• _Required action_: Find the line with "Total utility of income for a" and the line with "Green GLASS OIL LAMP! This is the Real Deal" in the entries below; output exactly those two lines, every line between them, and no others.

BEGIN Task material

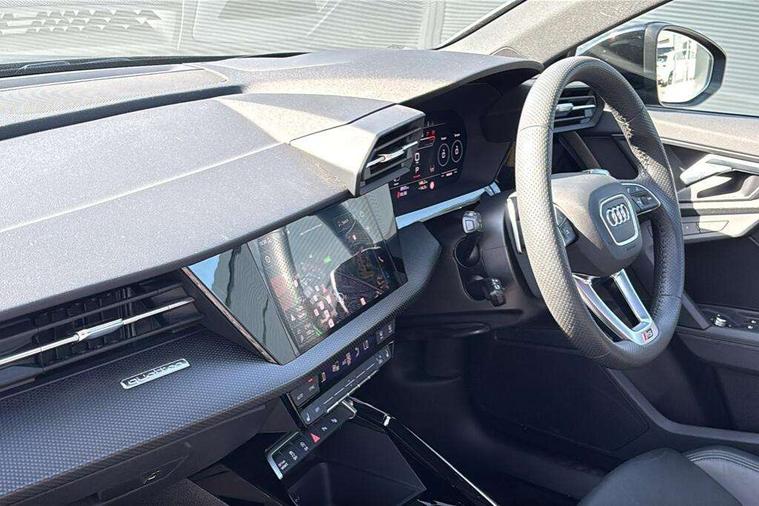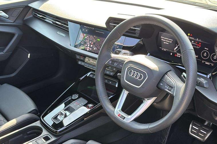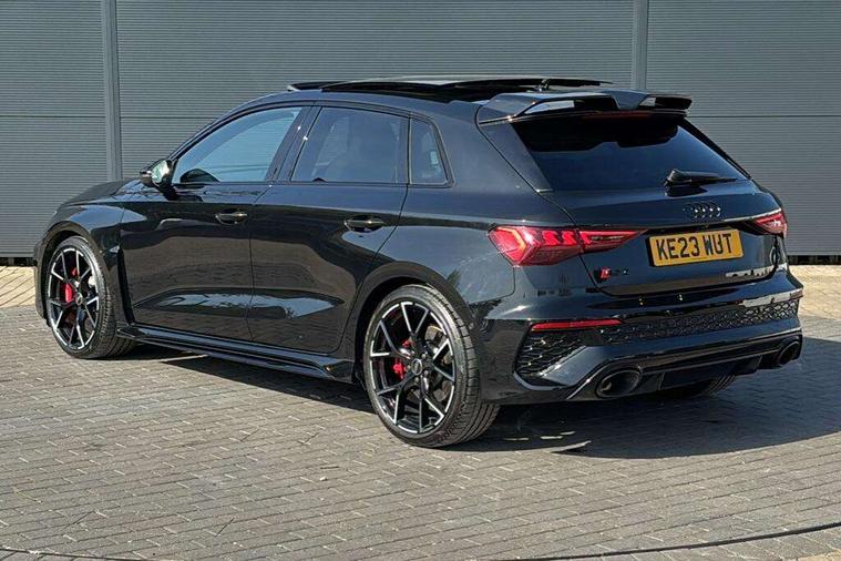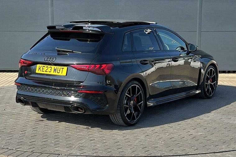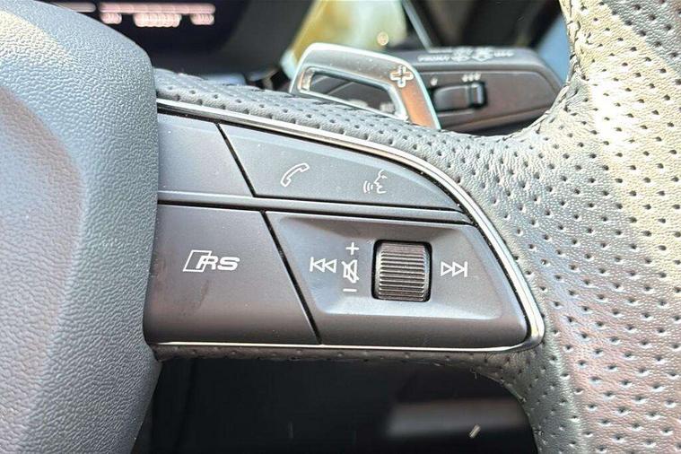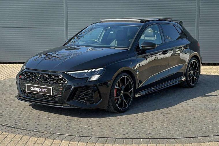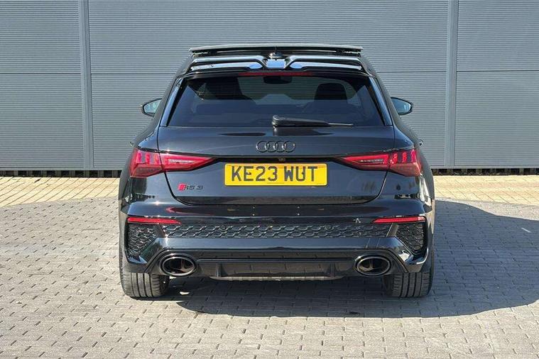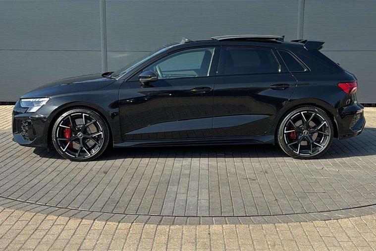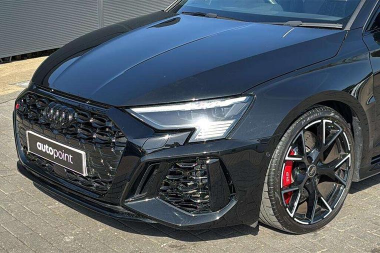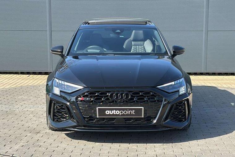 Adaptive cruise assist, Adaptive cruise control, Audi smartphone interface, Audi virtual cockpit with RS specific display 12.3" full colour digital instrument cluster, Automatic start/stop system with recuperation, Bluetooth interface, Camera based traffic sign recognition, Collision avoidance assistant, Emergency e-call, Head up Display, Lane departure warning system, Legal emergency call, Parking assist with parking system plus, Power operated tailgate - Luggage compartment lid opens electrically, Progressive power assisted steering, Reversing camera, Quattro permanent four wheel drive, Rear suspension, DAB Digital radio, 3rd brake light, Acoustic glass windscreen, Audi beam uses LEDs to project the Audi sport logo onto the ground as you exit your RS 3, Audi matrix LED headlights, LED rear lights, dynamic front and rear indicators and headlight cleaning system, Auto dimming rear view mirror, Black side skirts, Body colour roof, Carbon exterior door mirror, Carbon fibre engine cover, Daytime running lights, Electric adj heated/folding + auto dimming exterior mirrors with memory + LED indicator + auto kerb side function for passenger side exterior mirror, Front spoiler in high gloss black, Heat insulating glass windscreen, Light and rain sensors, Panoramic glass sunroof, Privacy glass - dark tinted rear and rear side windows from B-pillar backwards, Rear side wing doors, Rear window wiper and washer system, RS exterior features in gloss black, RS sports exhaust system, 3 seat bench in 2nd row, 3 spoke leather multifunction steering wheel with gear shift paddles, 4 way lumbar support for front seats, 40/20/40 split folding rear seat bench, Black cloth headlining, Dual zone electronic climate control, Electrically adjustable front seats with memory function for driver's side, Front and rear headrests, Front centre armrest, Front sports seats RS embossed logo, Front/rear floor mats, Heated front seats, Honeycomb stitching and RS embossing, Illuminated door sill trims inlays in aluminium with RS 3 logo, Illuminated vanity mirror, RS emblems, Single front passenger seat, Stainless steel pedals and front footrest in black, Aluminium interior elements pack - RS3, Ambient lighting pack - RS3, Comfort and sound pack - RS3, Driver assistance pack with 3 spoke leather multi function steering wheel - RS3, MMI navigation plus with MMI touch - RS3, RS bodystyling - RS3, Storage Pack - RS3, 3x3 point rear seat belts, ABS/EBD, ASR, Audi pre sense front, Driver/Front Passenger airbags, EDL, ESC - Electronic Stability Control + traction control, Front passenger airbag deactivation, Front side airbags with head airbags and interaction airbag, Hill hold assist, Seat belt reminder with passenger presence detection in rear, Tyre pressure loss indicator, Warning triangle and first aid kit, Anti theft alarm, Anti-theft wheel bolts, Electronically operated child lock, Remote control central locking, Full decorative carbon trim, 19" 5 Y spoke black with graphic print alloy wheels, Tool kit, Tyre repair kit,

END Task material
BEGIN Task material

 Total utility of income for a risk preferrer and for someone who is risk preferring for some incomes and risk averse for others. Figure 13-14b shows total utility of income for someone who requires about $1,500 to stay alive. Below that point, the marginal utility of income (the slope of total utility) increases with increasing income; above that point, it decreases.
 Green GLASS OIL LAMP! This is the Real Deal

END Task material

• _Result_:
 Total utility of income for a risk preferrer and for someone who is risk preferring for some incomes and risk averse for others. Figure 13-14b shows total utility of income for someone who requires about $1,500 to stay alive. Below that point, the marginal utility of income (the slope of total utility) increases with increasing income; above that point, it decreases.
 Green GLASS OIL LAMP! This is the Real Deal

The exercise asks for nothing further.